Beginning in early 1990, Petitioner has practiced at the Mendota Mental Health Institute in Madison,
Wisconsin. Finding 2. He practices under the close supervision of another psychiatrist. Finding 33. His
practice consists of evaluating individuals for mental competence and treating some of these individuals.
Finding 34. His job performance while at Mendota Mental Health Institute has been satisfactory. Finding
36.

Petitioner is not at this time manifesting clinical signs of a bipolar affective disorder. Findings 29, 30.
However, neuropsychological testing performed in January, 1992, establishes that he continues to manifest
some deficits in his thinking. I.G. Ex. 31; Findings 21 - 25. These deficits, which may be attributable to
some organic cause other than Petitioner's bipolar affective disorder, affect Petitioner's ability to engage in
nonverbal abstraction and to perform tasks which require flexi-bility of thinking. Findings 26 - 27. 3/
Petitioner's supervisor has also noted that Petitioner has recently manifested some decreased energy.
Finding 30.

The parties do not dispute that Petitioner's license to practice medicine and surgery in Iowa was suspended
for reasons relating to his professional competence and performance. They do not disagree that the I.G.
had authority to impose and direct an exclusion against Petitioner pursuant to section 1128(b)(4)(A) of the
Act. 4/ The parties disagree as to whether the three-year exclusion imposed and directed against Petitioner
by the I.G. is reasonable.

1. Regulations published by the Secretary on January 29, 1992 are not applicable to this case.

A threshold issue in this case is whether regulations published by the Secretary on January 29, 1992
establish criteria by which I must adjudicate the reasonableness of the exclusion which the I.G. imposed
and directed against Petitioner. 57 Fed. Reg. 3298, 3330 -41 (to be codified at 42 C.F.R. Part 1001). The
I.G. asserts that these new regulations, which contain a section establishing criteria for the I.G. to employ
in determining to impose and direct exclusions pursuant to section 1128(b)(4) of the Act, also apply at the
level of administrative hearings to establish mandatory criteria for adjudicating the reasonableness of
exclusions imposed and directed pursuant to section 1128(b)(4). 57 Fed. Reg. at 3332 (to be codified at 42
C.F.R. 1001.501). The I.G. asserts that the regulations in effect require that I sustain the exclusion which
he imposed and directed against Petitioner without considering evidence offered by Petitioner as to the
exclusion's reasonableness. According to the I.G., 42 C.F.R. 1001.501 directs me to sustain any
exclusion, imposed and directed under section 1128(b)(4) of the Act, which is coterminous with a State
license suspension or revocation. 5/

I conclude, as I have on several previous occasions, that these regulations do not establish criteria which
govern administrative law judges' reviews of exclusion determinations. Furthermore, it is now settled that
the regulations do not apply to I.G. determinations made prior to the regulations' publication date.
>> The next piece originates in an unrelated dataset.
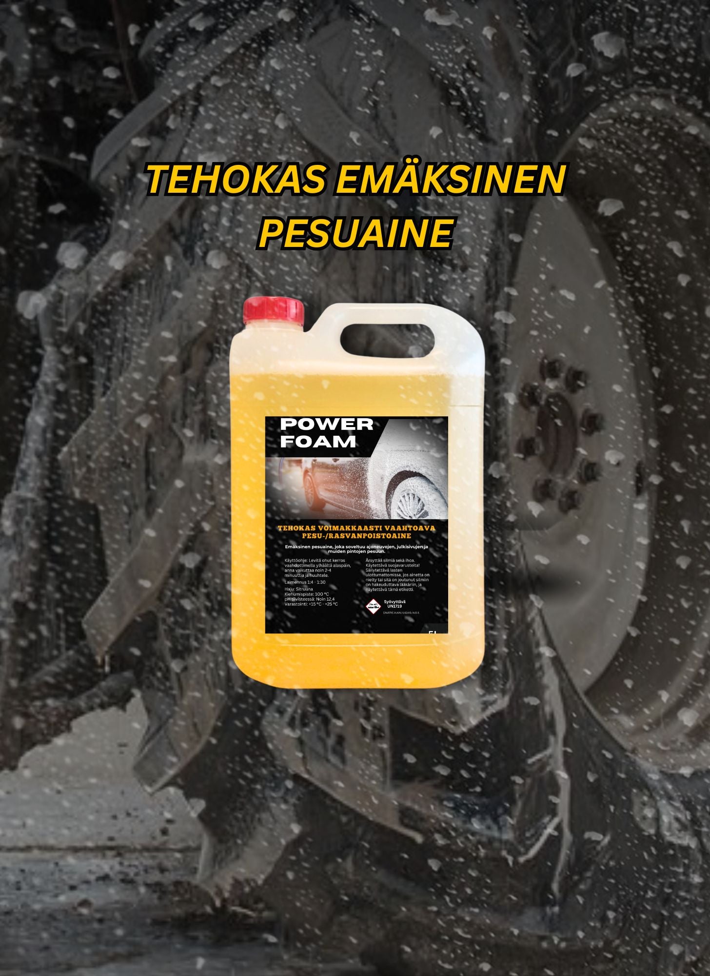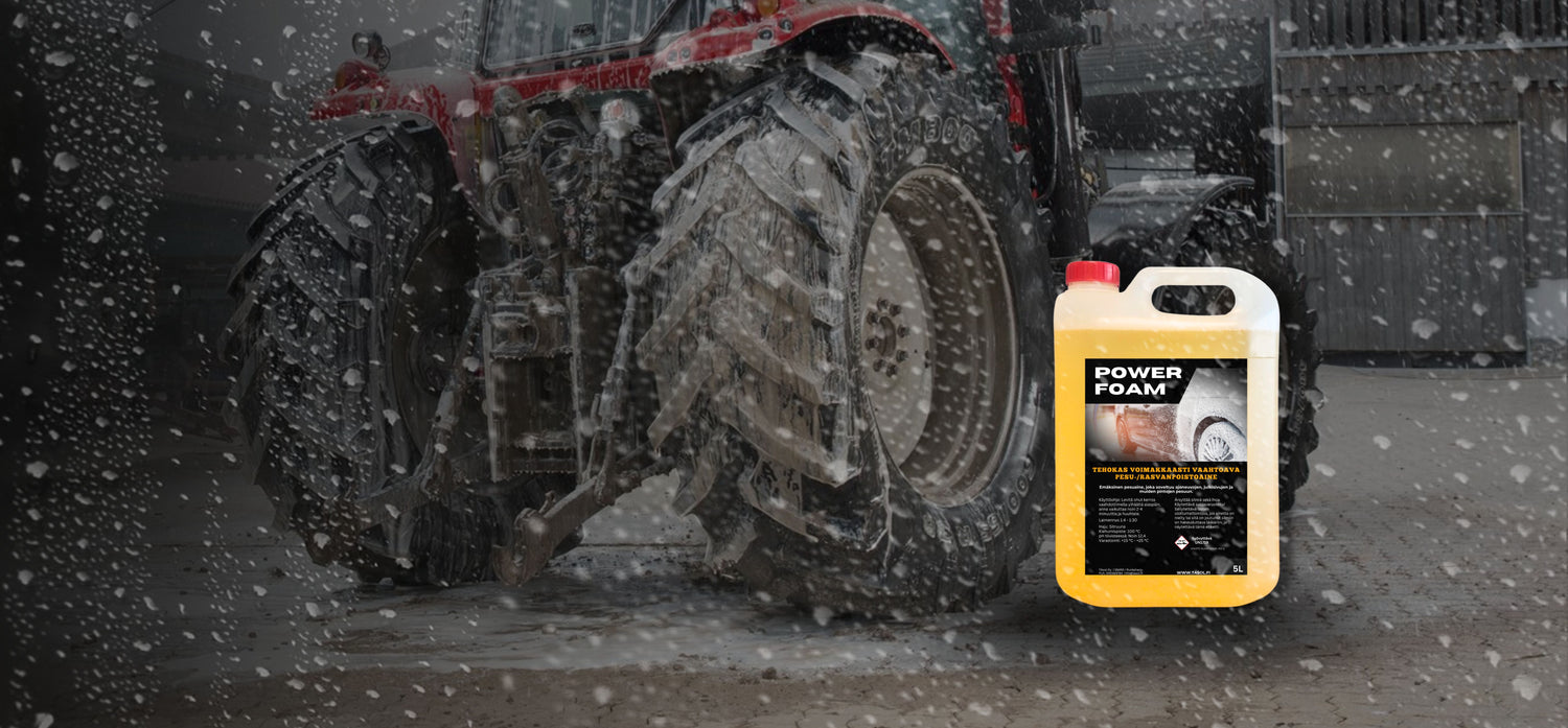 Power Foam sopii erinomaisesti raskaampien koneiden ja suurempien ajoneuvojen pesuun!
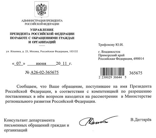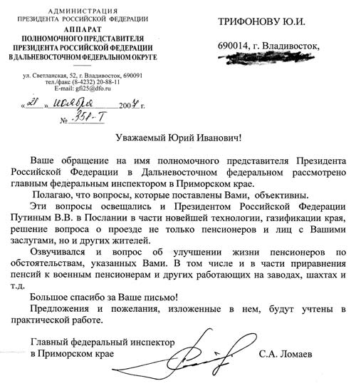 ОБРАЩЕНИЕ ВЕТЕРАНА К РУКОВОДСТВУ РОССИИ И ОТВЕТНЫЕ ОТПИСКИ.

a. Regulations contained in 42 C.F.R. Part 1001 do not establish criteria for review of exclusion
determinations.

The new regulations' criteria for determining exclusions under section 1128(b)(4) do not govern my review
of the reasonableness of the exclusion imposed and directed against Petitioner. The regulations contained
in Part 1001 of the new regulations, and 42 C.F.R. 1001.501 in particular, were not intended by the
Secretary to establish criteria to govern hearings as to the reasonableness of exclusion determinations.
Stephen J. Willig, M.D., DAB CR192 (1992) (Willig); Charles J. Barranco, M.D., DAB CR187 (1992)
(Barranco). See Sukumar Roy, M.D., DAB CR205 (1992) (Roy); Steven Herlich, DAB CR197 (1992)
(Herlich); Aloysius Murcko, D.M.D., DAB CR189 (1992) (Murcko).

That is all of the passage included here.